Theme-3: Monitoring and clinician management

  • Big data handling issues.

  • Updated information availability.

  • Independencies.

  • Risk mitigation that how to reduce negative effects on the data centre.

  • Security due to large systems placed openly in hospitals.

  • Expensive systems when using cloud services.

  • Real-time monitoring issues.

Theme-4: Deep learning-based applications for biomedical data originated from wearable devices and other medical databases.

  • Data overfitting issues.

  • Imbalanced dataset.

  • Data augmentation issues.

  • Choosing ideal hyper parameters.

  • Complex computational processing.

  • Power consumption.

  • Security and privacy.

Although these all services and technologies have some limitations, these all systems are improving the accuracy and provision and prediction of cardiovascular diseases. The findings of this systematic literature review also concluded that these new wearable, smart-home, mHealth systems have gained popularity. Some wearable devices are popular in patients and will constantly increase their usage. According to the study [92], overall healthcare devices’ trend has increased as shown in Fig. 5.

Fig. 5
figure 5

Overall 3-year market trend analysis [92]

7 Conclusion

This century is marked with continuing and rapid progress in the field of healthcare and information technology transitioning with it to a new and dynamic era of digitization. Understanding that there is increasing pressure on the healthcare systems in the evolved countries due to increased ageing populations and health workforce shortages, expanding the role of digital technologies can help by the optimum allocation of existing resources, can promote more efficient patient monitoring and can also help in the early detection and prevention of various health conditions.
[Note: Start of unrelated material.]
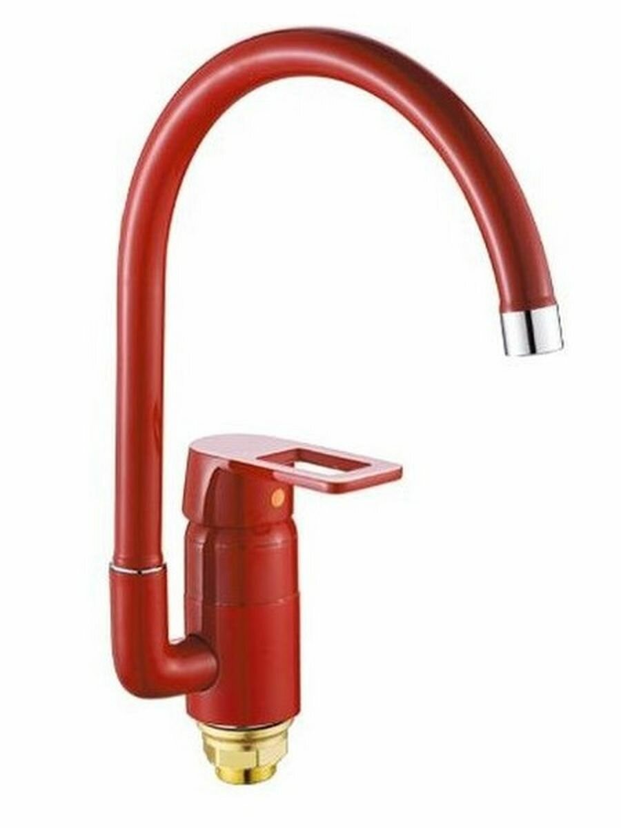 Смеситель на кухню Potato P7030-5 высокий излив, одноручковый, крепление гайка, красный

It can also promote patient ownership in the management of his disease by enhanced engagement leading to improved patient health outcomes. The journey leading to a new and completely digitized world of health monitoring and management is on the horizon, which would revolutionize how health care is viewed.

Even though challenges and limitations exist to achieve a high level of digitization in our daily lives, technology advancement is gradually helping to overcome the limitations and make the impossible things into possible systems and achieve a world of endless possibilities. However, with various advantages, these new technology-based systems have suffered from some issues like adaptability, scalability, usage awareness, accuracy and data handling issues. This SLR will help the new researchers in the field of healthcare, especially for ambient living assisted applications and systems. The most available systems are using for cardiovascular disease all over the world. This paper discusses the wearable technologies role for early detection of cardiovascular diseases, the role of ambient assisted living (AAL), the role of clinicians in providing treatments for patients who are digitally monitored and, finally, deep learning-based applications for biomedical data originated from wearable devices and other medical databases.